Restate the entries below exactly, and keep all images out of the answer.
BEGIN Provided records
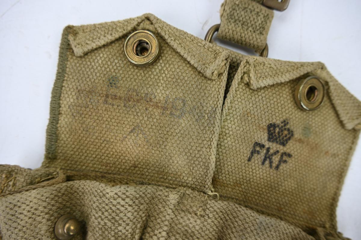 In a very nice used condition a British WW2 .303 Ammo Pouch Set. The set comes with hard to read stamps inside.
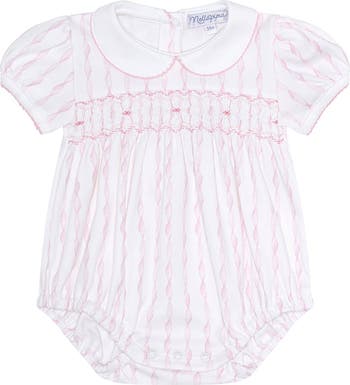 This charming piece features a delightful pink twirl pattern, perfect for adding a touch of sweetness to any occasion. The pristine white round collar and soft, elegant hand-smocked detailing on the chest area elevate this bubble to a truly special outfit.
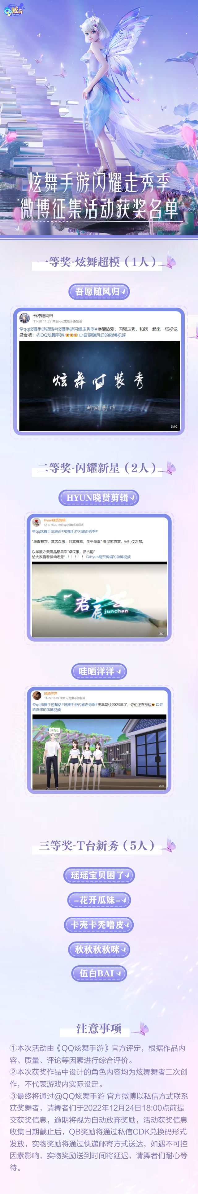 #炫舞手游闪耀走秀季#微博征集活动已经圆满结束,感谢各位小主人们对本次活动的支持,同时也感谢创作者们的耐心等待,经过官方评选,本次活动获奖名单如下↓
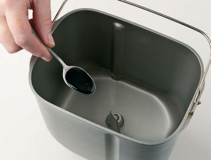 Pour the water, molasses and walnut or olive oil into the bread pan. If the instructions for your machine specify that the yeast is to be placed in the pan first, reverse the order in which you add the liquid and dry ingredients.
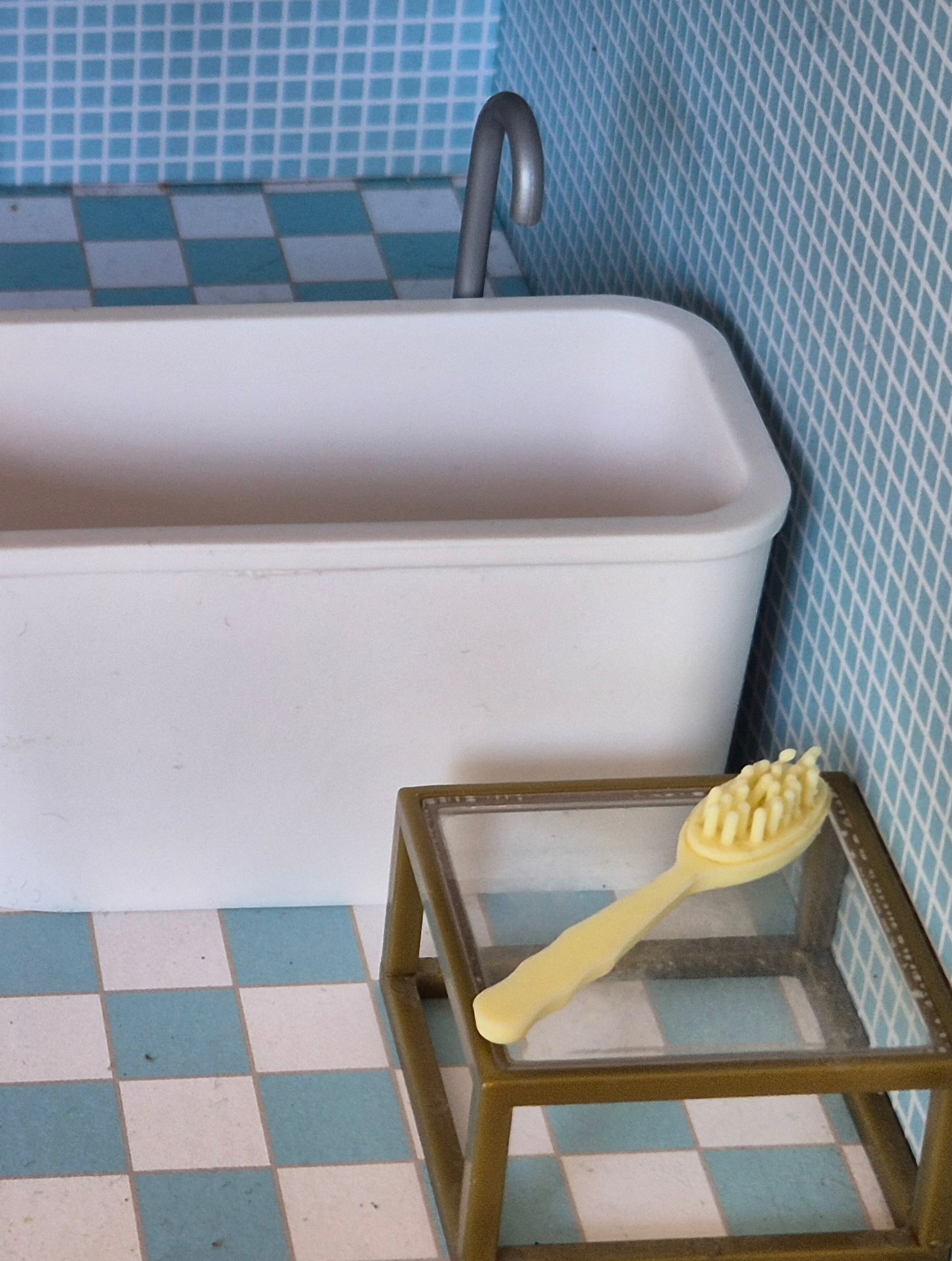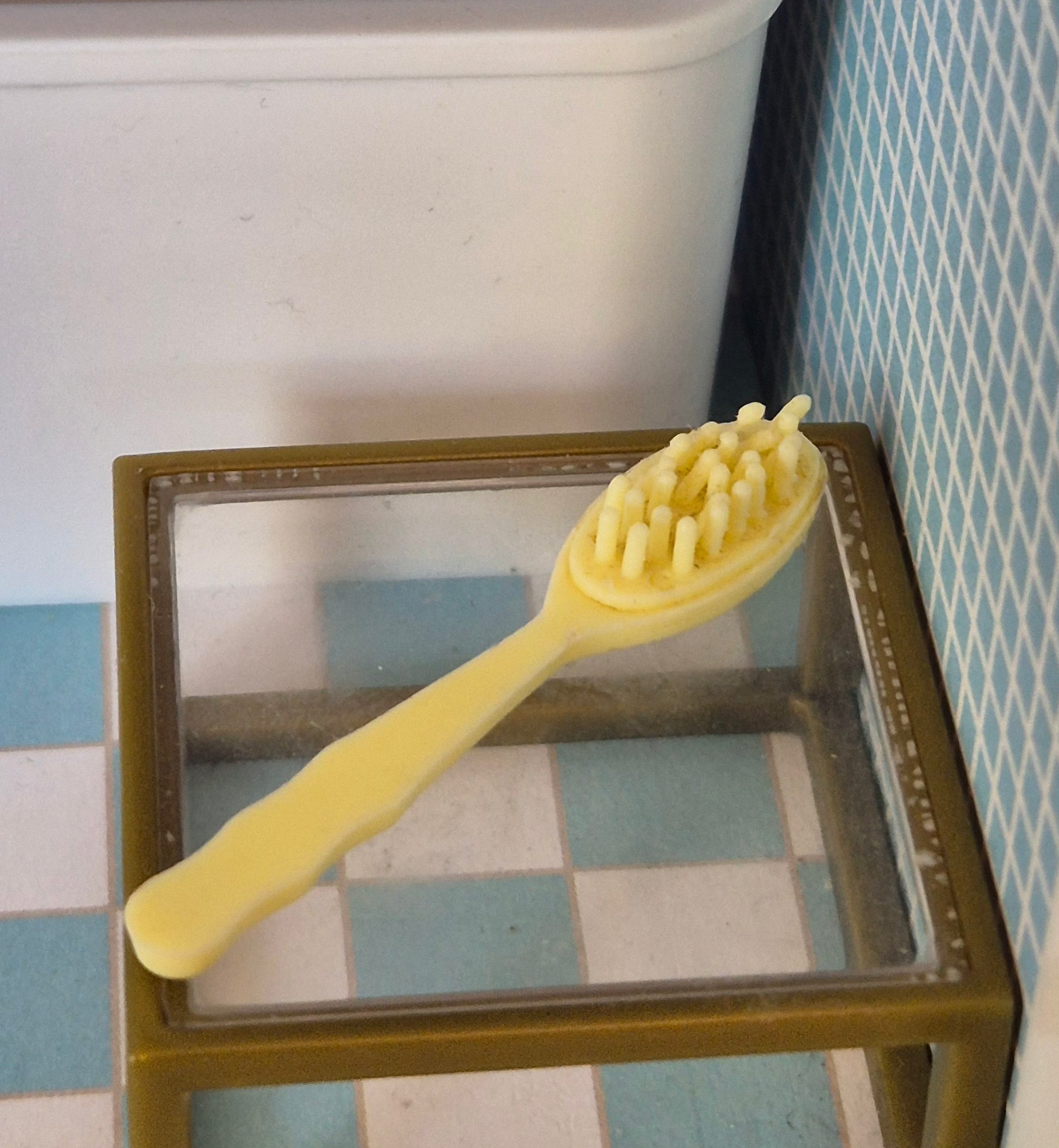 Fin beige vintage Lundby badebørste af plast til badeværelset
END Provided records
Final answer:
 In a very nice used condition a British WW2 .303 Ammo Pouch Set. The set comes with hard to read stamps inside.
 This charming piece features a delightful pink twirl pattern, perfect for adding a touch of sweetness to any occasion. The pristine white round collar and soft, elegant hand-smocked detailing on the chest area elevate this bubble to a truly special outfit.
 #炫舞手游闪耀走秀季#微博征集活动已经圆满结束,感谢各位小主人们对本次活动的支持,同时也感谢创作者们的耐心等待,经过官方评选,本次活动获奖名单如下↓
 Pour the water, molasses and walnut or olive oil into the bread pan. If the instructions for your machine specify that the yeast is to be placed in the pan first, reverse the order in which you add the liquid and dry ingredients.
 Fin beige vintage Lundby badebørste af plast til badeværelset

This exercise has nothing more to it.